I barely have any idea what this regex is doing. It is grabbing all words, ignore punctuation, ignoring common markdown symbols, and ignoring numbers. My strategy for regex crafting is similar to my strategy for fighting games, bash buttons until it works.

No we can run the extension and see if it works! It does! We have a list of misspelled words. This list is too long! It includes parts of urls. We'll need to filter those out.

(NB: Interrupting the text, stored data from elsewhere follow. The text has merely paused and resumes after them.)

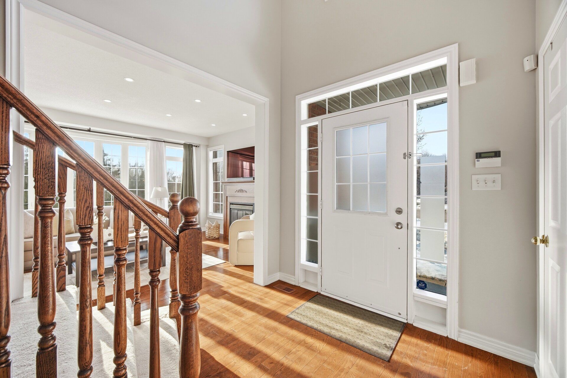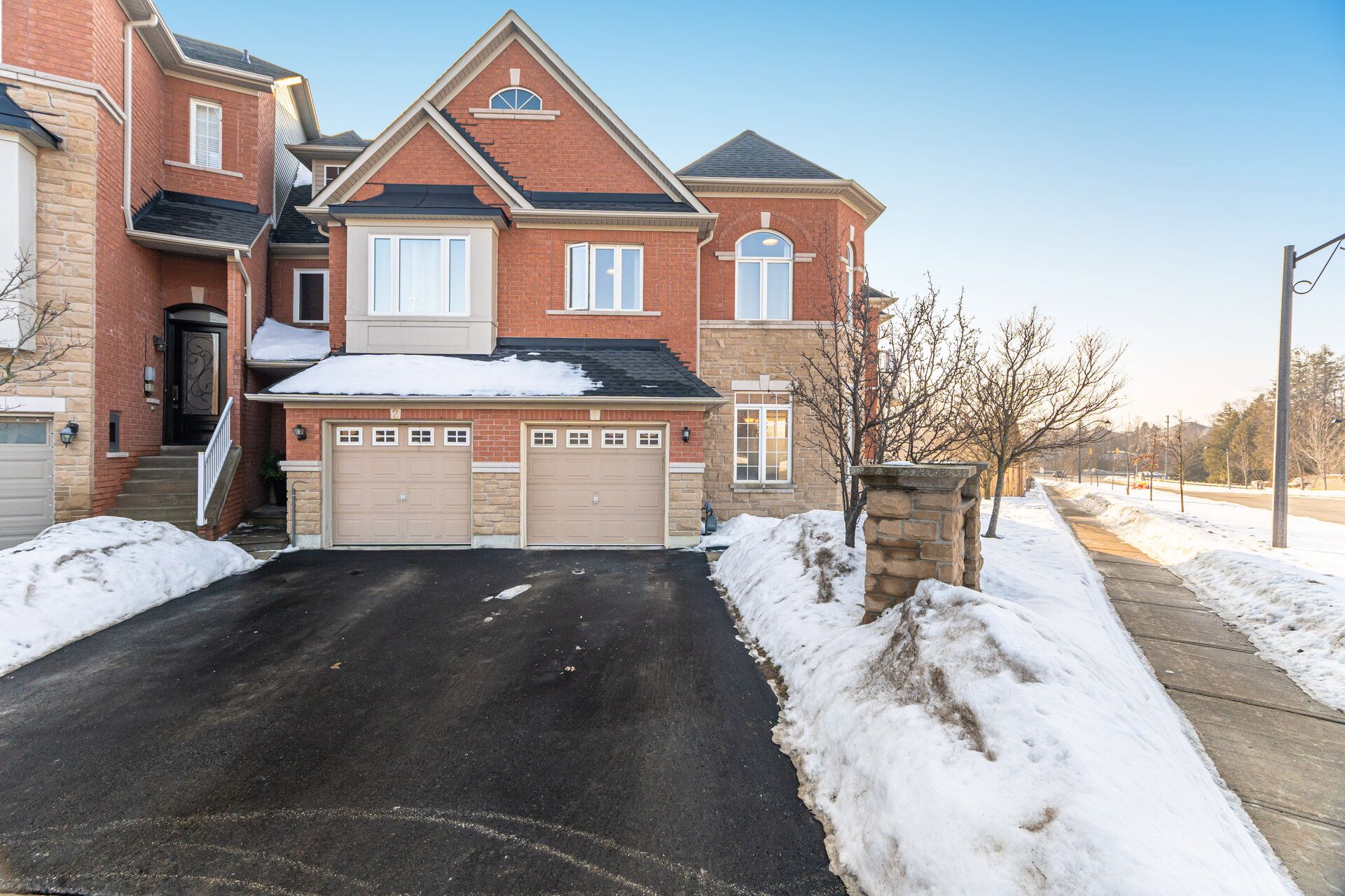 Rare end unit 3 bedroom 3 bath townhome in prestigious highbush community in pickering * almost 2000 sq. Ft. * steps to parks and trails * backs onto green space ** 76 ft. Wide rear ** 17 ft. Ceiling in grand foyer * 9 ft ceilings on main floor * hardwood flooring on main & second floor * spacious open-concept layout * living room features gas fireplace * dining room with coffered ceilings * spacious kitchen with granite countertop * kitchen gas line available* breakfast area with walk-out to balcony * primary bedroom with walk-in closet & 5-piece ensuite* walk out basement with separate entrance - easy to make basement apartment * convenient garage access * family-friendly neighbourhood close to top-rated schools, shopping & transit * ten minutes to hwy 401, 407 & go station * exceptional opportunity in a highly sought-after location * roof (6yrs) * furnace (2yrs)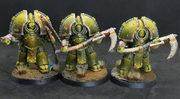 The Blighted Saturnus Terminators are old and wear an old pattern of terminator armor, which is now corrupted by the lord death and decay. They were designed and sculpted by the free-blade artist, KarnageKing.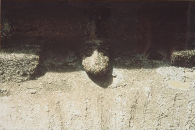 094. Saint-Jean-le-Thomas. Le chœur pré-roman et son mur nord. L'appareil des maçonneries est fait de moellons de granit assez réguliers pris dans d'épais joints de mortier. Photo d'Alain Dermigny. [Alain-047]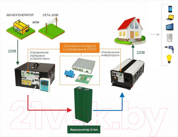 - Возможность организации систем автономного и резервного электроснабжения с литий-ионными аккумуляторами и Cистемой контроля и управления (СКУ)(BMS).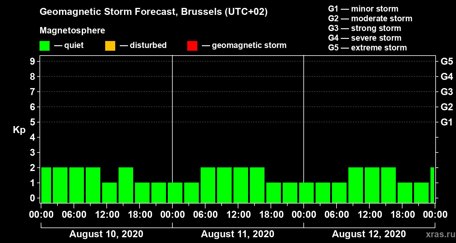 Geomagnetic storm forecast in Brussels for Aug 10, 2020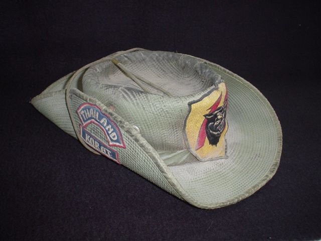 USAF "Aussie" hat history. This is my original hat, bought at the Korat BX in late June, 1966. The way I remember it, these hats were not endorsed by all the top AF brass, but were allowed in Thailand for sure, I do not know about USAF in Vietnam proper. I am foggy on if only pilots and flightline personnel were the only ones allowed to wear the hats. Not everyone bought this style of hat while I was there from June 5, 1966 to June 5 1967. I was one of the very few who even wore a squadron patch other than the pilots and most crew chiefs--on clothing. I was very rare in sewing my 13 TFS patch on the front of my hat. This original hat served me well and has never been washed of the sweat from hot summer Korat days (and warm nights, too) loading those Wild Weasel F-105s 12/6. I carried a small "Bowie-style" knife in the folded-up brim on one side as we we not allowed any other protection on our person in case the base got stormed. Thankfully, it never did. Dirty and dusty, it brings back proud memories of a time in my life that I would not trade for anything on earth. It is in my Will to go with me in the end. I had a Royal Thai Air Force metal lion head with sword-in-mouth I bought on base on one flap. It is not on this hat for the photo as it is with my good friend and neighbor, a 46 year-old Sea Bee who is in Iraq from Sept 2004 to ?? I told him I was 13th AF, 13 TFS and this Thai lion saw me safe on my tour--and I promised it would do the same for him in Iraq. The inside of this version of this hat is Sage Green.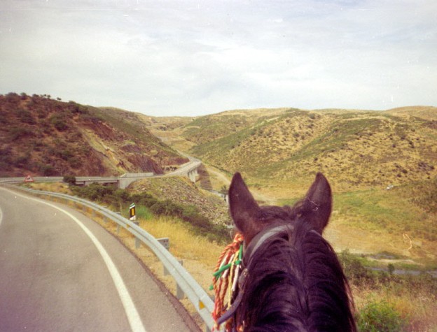 ![]() Austrian Long Rider Margit Rumpl and her stallion, Gallipolis, travelled from Austria to Spain in 2006. |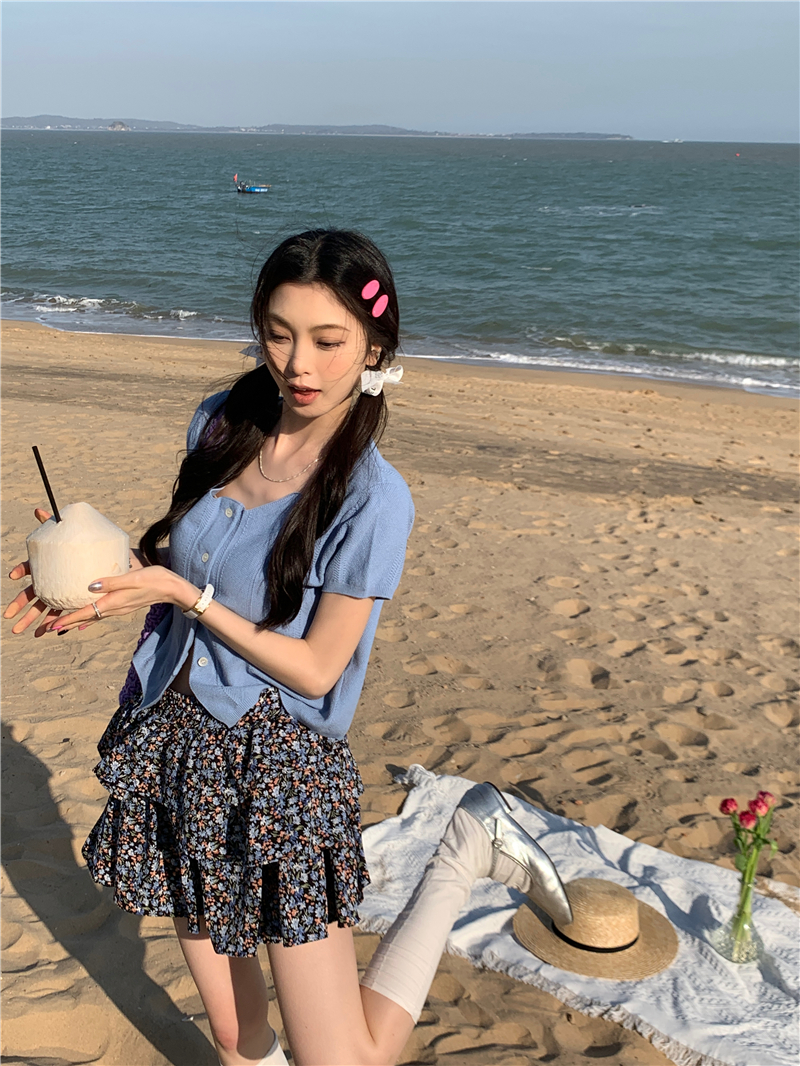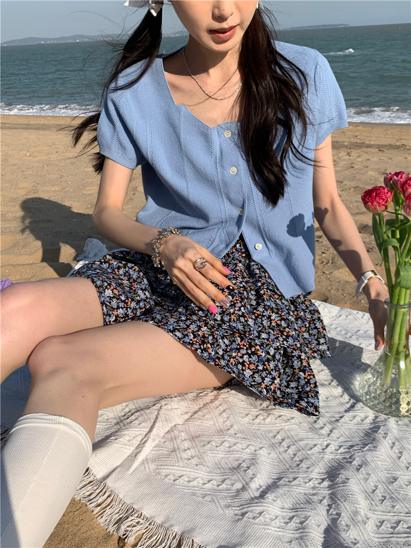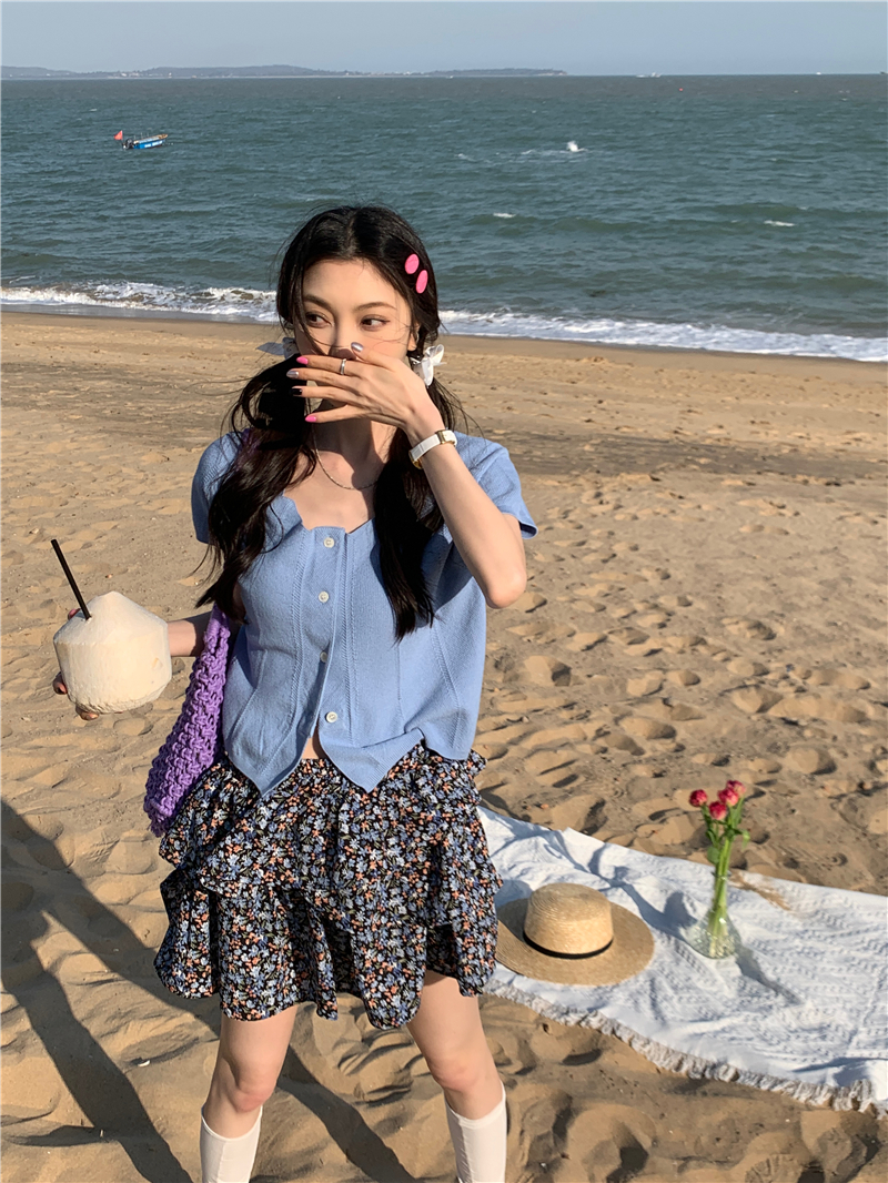 CGE5277-120B 百搭方領針織上衣+碎花小短裙套裝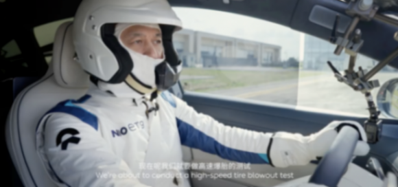更為罕見的是,李斌竟然還穿上了賽車服,駕駛著 ET9,分別以 150 km/h 和 160 km/h 的速度沖向了地釘,來驗證發生爆胎后 ET9 可以做到「毫秒級響應,厘米級偏航」的安全能力。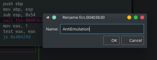 Now that we know all this, we can rename this function from fcn.00403b30 to a more meaningful name. I used “AntiEmulation” but you can choose whatever name you want, as long as it is meaningful to you. Clicking the call instruction and then pressing Shift+N will open the Rename dialog box. Right-clicking the row and choosing “Rename” will do the job as well.

const urlRegex = /\b(https?:\/\/|www\.)\S+\b/gi;
const cleanText = text.replace(urlRegex, '');
const words = cleanText.match(/(?<![\w\*\_\-])([a-zA-Z]+)(?![\w\*\_\-])/g) || [];
const misspelledWords = [];

Boom.

But just before we adjourn for this post, let's add a bit of efficiency. We're going to cache our spellcheck results so we don't have to search the dictionary for the same word over and over. We'll add a map to the top of the file:

const cache = new Map<string, boolean | string[]>();

Then we'll use this cache in our spellCheckDocument function. But we're actually going to pull this functionality into its own function for clarity:

function isWordCorrect(word: string): boolean {
    if (cache.has(word)) {
        return cache.get(word) as boolean;
    }

    const isCorrect = !!dictionary.get(word.toLowerCase());
    cache.set(word, isCorrect);

    return isCorrect
}

Then we'll add this to our spellCheckDocument function:

function spellCheckDocument(text: string): { word: string, index: number }[] {
    const urlRegex = /\b(https?:\/\/|www\.)\S+\b/gi;
    const cleanText = text.replace(urlRegex, '');
    const words = cleanText.match(/(?<![\w\*\_\-])([a-zA-Z]+)(?![\w\*\_\-])/g) || [];
    const misspelledWords = [];

    if (words) {
        for (const word of words) {
            if (!isWordCorrect(word)) {
                misspelledWords.push({ word, index });
            }
        }
    }

    return misspelledWords;
}

Now when we run the extension, we only get misspelled words that aren't in urls, we ignore markdown, and we cache the results. Next up, we'll do highlighting and suggestions.